Hey, I am attempting to use the Microsoft.MSHTML (Version 7.0.3300.0) library to extract the body text from an HTML string. I've abstracted this functionality into a single helper method GetBody(string).
When called in an infinite loop, the process eventually runs out of memory (confirmed by eyeballing Mem Usage in Task Manager). I suspect the problem is due to my incorrect cleanup of the MSHTML objects. What am I doing wrong?

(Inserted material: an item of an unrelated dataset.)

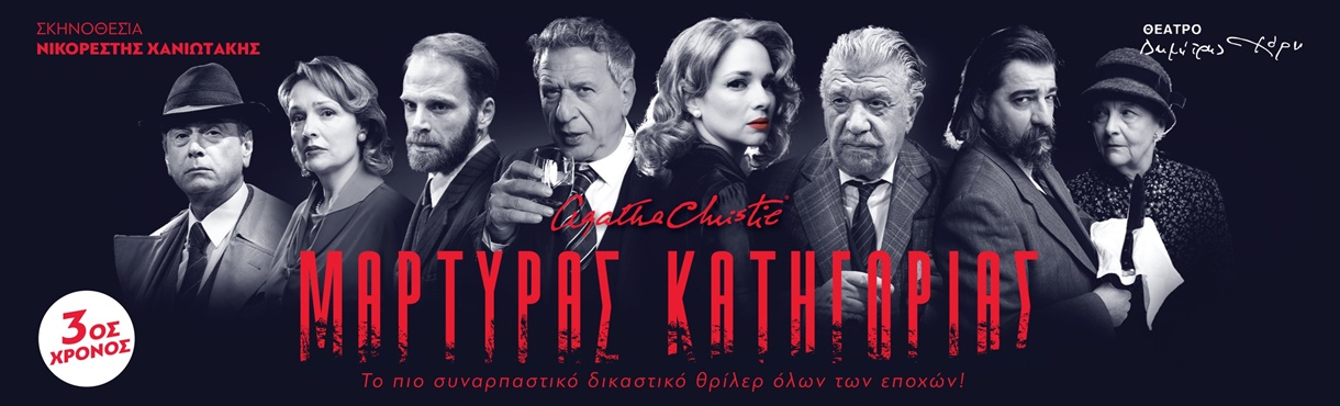 Ο «Μάρτυρας Κατηγορίας» συνεχίζει την εντυπωσιακή του πορεία και στη χώρα μας, με τον Γιάννη Βούρο στον ρόλο του Σερ Ουίλφριντ Ρόμπαρτς, τον Κώστα Κόκλα ως τον δικηγόρο Τζον Μέηχιου, την Ευγενία Δημητροπούλου ως την αινιγματική σύζυγο Ρομέιν και τον Όμηρο Πουλάκη στον ρόλο του κατηγορούμενου Λέοναρντ Βόουλ, πλαισιωμένους από τους Μελίνα Βαμβακά, Γιάννη Δρακόπουλο, Δημήτρη Καραμπέτση, Βαρβάρα Μακράκη και Νίκη Παλληκαράκη, σε μια παράσταση γεμάτη ένταση και ανατροπές που καθηλώνει μέχρι το αποκαλυπτικό της φινάλε.

My current definition of GetBody(string) is:
public static string GetBody(string html)
{
mshtml.IHTMLDocument2 htmlDoc = null;
mshtml.IHTMLElement bodyElement = null;
string body;
try
{
htmlDoc = new mshtml.HTMLDocumentClass();
htmlDoc.write(html);
bodyElement = htmlDoc.body;
body = bodyElement.innerText;
}
catch (Exception ex)
{
Trace.TraceError("Failed to use MSHTML to parse HTML body: " + ex.Message);
body = email.Body;
}
finally
{
if (bodyElement != null)
Marshal.ReleaseComObject(bodyElement);
if (htmlDoc != null)
Marshal.ReleaseComObject(htmlDoc);
}
return body;
}
Edit: the memory leak has been traced to the code used in populating a value for html. In this case it was Outlook Redemption.